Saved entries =
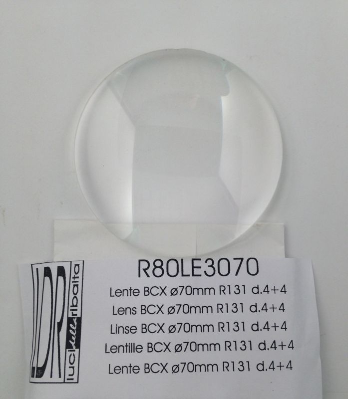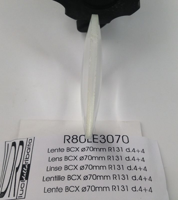Spare parts for front lens biconvex for Soffio 10/28 70W, Soffio 10/28 150W, Soffio 20/40 70W, Soffio 20/40 150W, Suono 10/28 plus, Suono 20/40 plus. Diameter: 70 mm, R131/131.
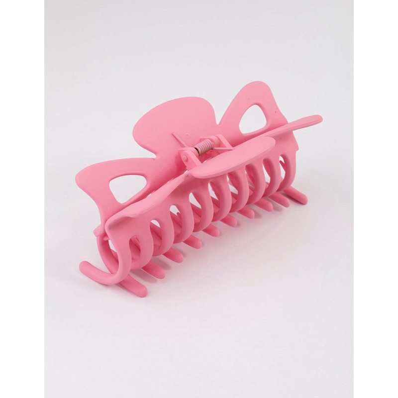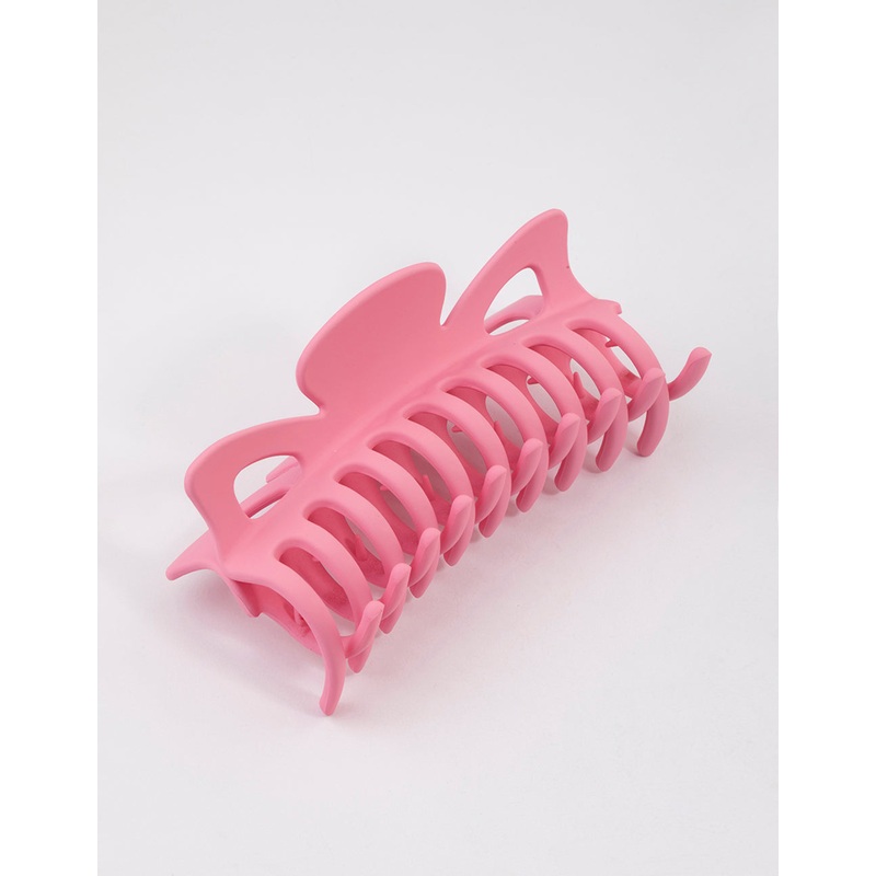 • This ’90s-inspired claw clip features a pink acrylic setting with triangular cut outs for a unique finish.
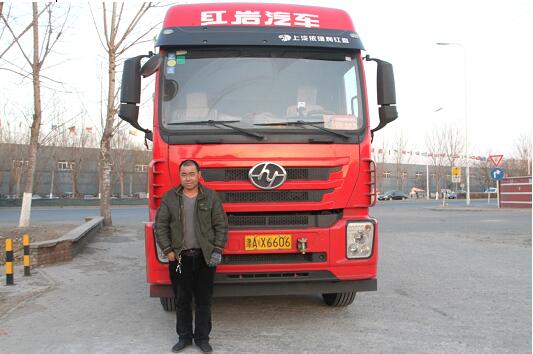 牛师傅的眼中有一些血丝,看着有点疲惫,但是精神头却非常不错,见到我们非常的高兴,健谈而热情,很乐于跟我们分享自己的卡车生活和用车感受。谈到为什么这么忙,牛师傅说:“一方面是我有一些老客户的固定货源,提前好几天就订好了,还有就是这台配备科索9发动机的390马力红岩杰卡出勤率高,能够保证这种连续不间断的高强度使用频率“。
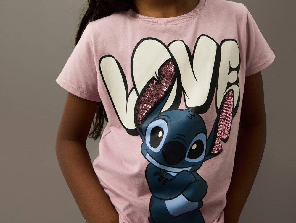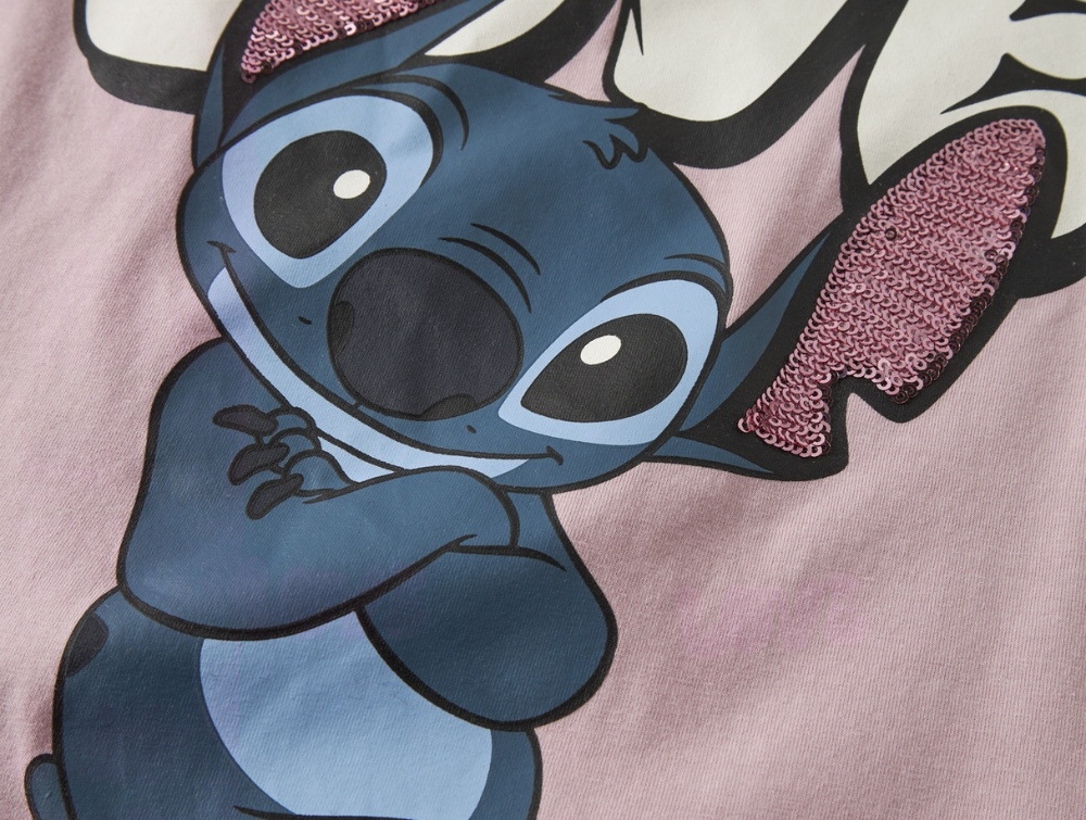 Designet har almindelig pasform, korte ærmer og en rund halsudskæring. Printet viser den populære Disney-figur Stitch sammen med teksten “Love” og små detaljer med palietter.
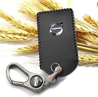 ontto Coque de clé de Voiture Compatible avec Volvo XC40 XC60 XC70 XC90 S60 S90 S80 C30 V70 V90 2017-2020 Étui Cas pour télécommande de clé Voiture en Cuir Protection de clé avec Porte-clés-Marron
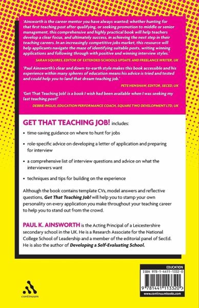 Many teachers strive to work in a particular type of school, a precise location or a specific post. Once such parameters have been set, obtaining your dream job can be extremely competitive. This guide to finding the right school, perfecting your application and polishing your interview technique will empower teachers at all stages of their career to gain an advantage in a competitive environment. Get That Teaching Job! includes: . Time-saving guidance on where to hunt for jobs . Role-specific advice on developing a letter of application and preparing for interview . A comprehensive list of interview questions and advice on what the interviewers want . Techniques and tips for building on the experience Although the book contains template CVs, model answers and reflective questions, this book will help you to stamp your own personality on every application you make throughout your teaching career to help you to stand out from the crowd.

Exercise requirements =
Your answer must be an exact copy of the records, with every picture left out.

Reply to the exercise =
Spare parts for front lens biconvex for Soffio 10/28 70W, Soffio 10/28 150W, Soffio 20/40 70W, Soffio 20/40 150W, Suono 10/28 plus, Suono 20/40 plus. Diameter: 70 mm, R131/131.
 • This ’90s-inspired claw clip features a pink acrylic setting with triangular cut outs for a unique finish.
 牛师傅的眼中有一些血丝,看着有点疲惫,但是精神头却非常不错,见到我们非常的高兴,健谈而热情,很乐于跟我们分享自己的卡车生活和用车感受。谈到为什么这么忙,牛师傅说:“一方面是我有一些老客户的固定货源,提前好几天就订好了,还有就是这台配备科索9发动机的390马力红岩杰卡出勤率高,能够保证这种连续不间断的高强度使用频率“。
 Designet har almindelig pasform, korte ærmer og en rund halsudskæring. Printet viser den populære Disney-figur Stitch sammen med teksten “Love” og små detaljer med palietter.
 ontto Coque de clé de Voiture Compatible avec Volvo XC40 XC60 XC70 XC90 S60 S90 S80 C30 V70 V90 2017-2020 Étui Cas pour télécommande de clé Voiture en Cuir Protection de clé avec Porte-clés-Marron
 Many teachers strive to work in a particular type of school, a precise location or a specific post. Once such parameters have been set, obtaining your dream job can be extremely competitive. This guide to finding the right school, perfecting your application and polishing your interview technique will empower teachers at all stages of their career to gain an advantage in a competitive environment. Get That Teaching Job! includes: . Time-saving guidance on where to hunt for jobs . Role-specific advice on developing a letter of application and preparing for interview . A comprehensive list of interview questions and advice on what the interviewers want . Techniques and tips for building on the experience Although the book contains template CVs, model answers and reflective questions, this book will help you to stamp your own personality on every application you make throughout your teaching career to help you to stand out from the crowd.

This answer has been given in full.